WORK TO BE COMPLETED »
Your output is to hold only the lines from the one showing "Ուսանողները ներկայացրին բանաստեղծի" through the end of the listing, exactly, with every picture excluded.

##### SUPPLIED MATERIAL #####

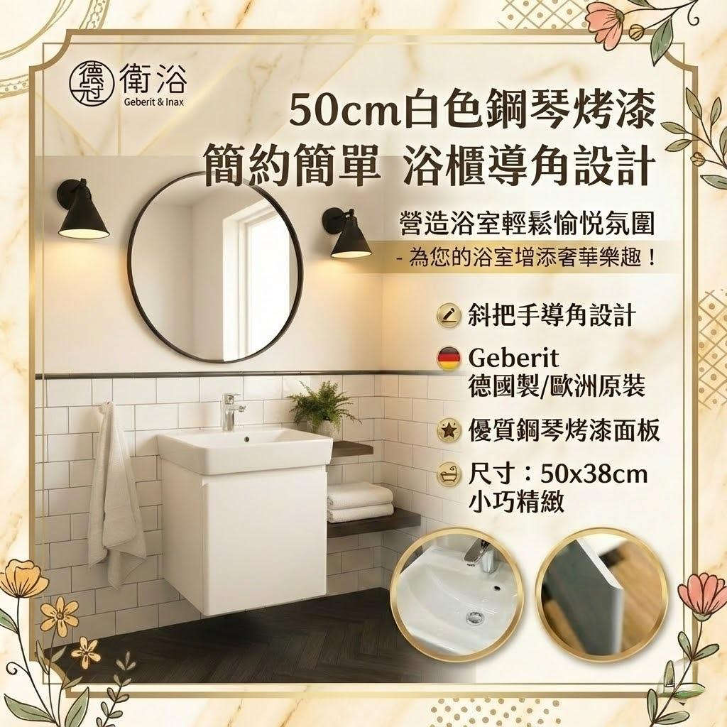 Geberit Renova 50公分 白色鋼烤臉盆浴櫃
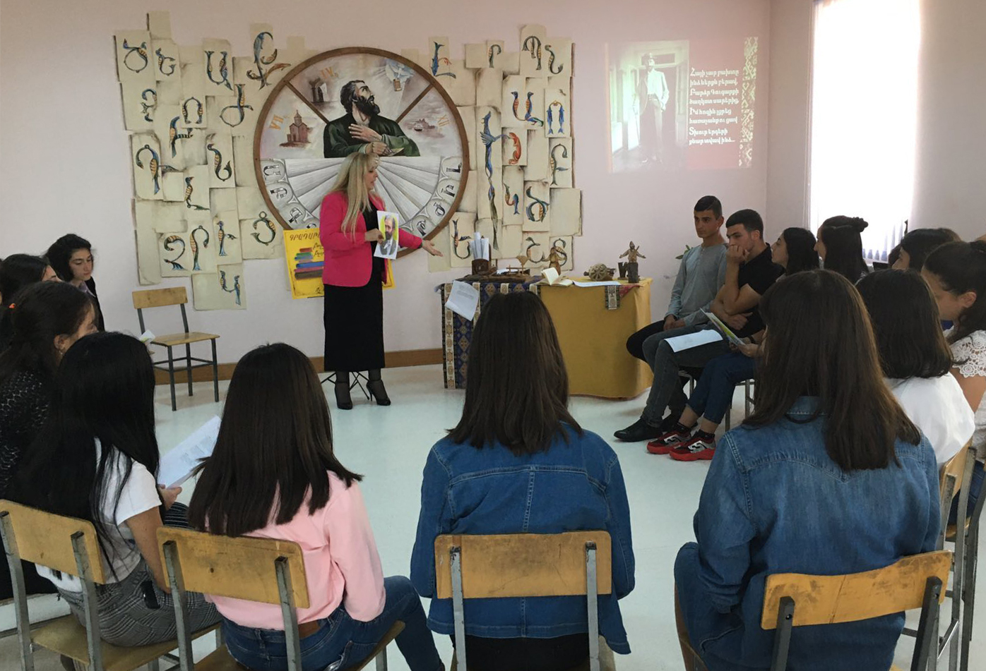 Ուսանողները ներկայացրին բանաստեղծի կյանքին և ստեղծագործությանը վերաբերող մանրամասներ, այնուհետև ցուցադրվեց Թումանյանի մասին տեսաֆիլմ:
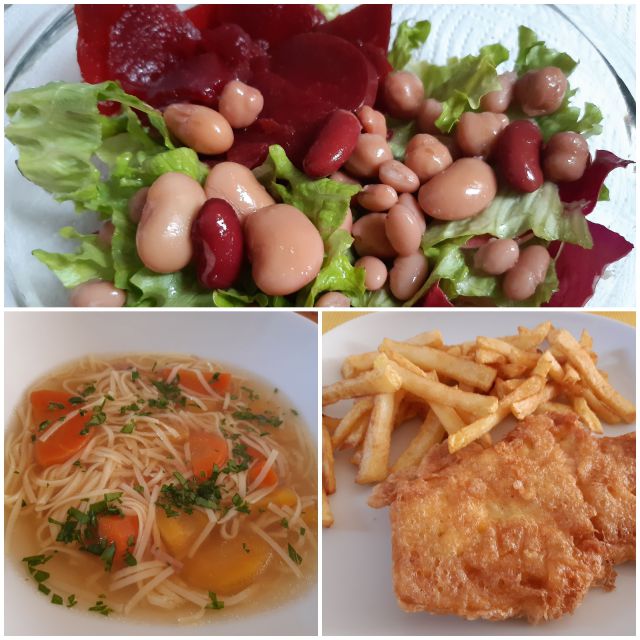 Danes goveja juha z rezanci, pariški zrezek, pomfri, solata z različnimi stročnicami

#####

THE COMPLETED TASK »
 Ուսանողները ներկայացրին բանաստեղծի կյանքին և ստեղծագործությանը վերաբերող մանրամասներ, այնուհետև ցուցադրվեց Թումանյանի մասին տեսաֆիլմ:
 Danes goveja juha z rezanci, pariški zrezek, pomfri, solata z različnimi stročnicami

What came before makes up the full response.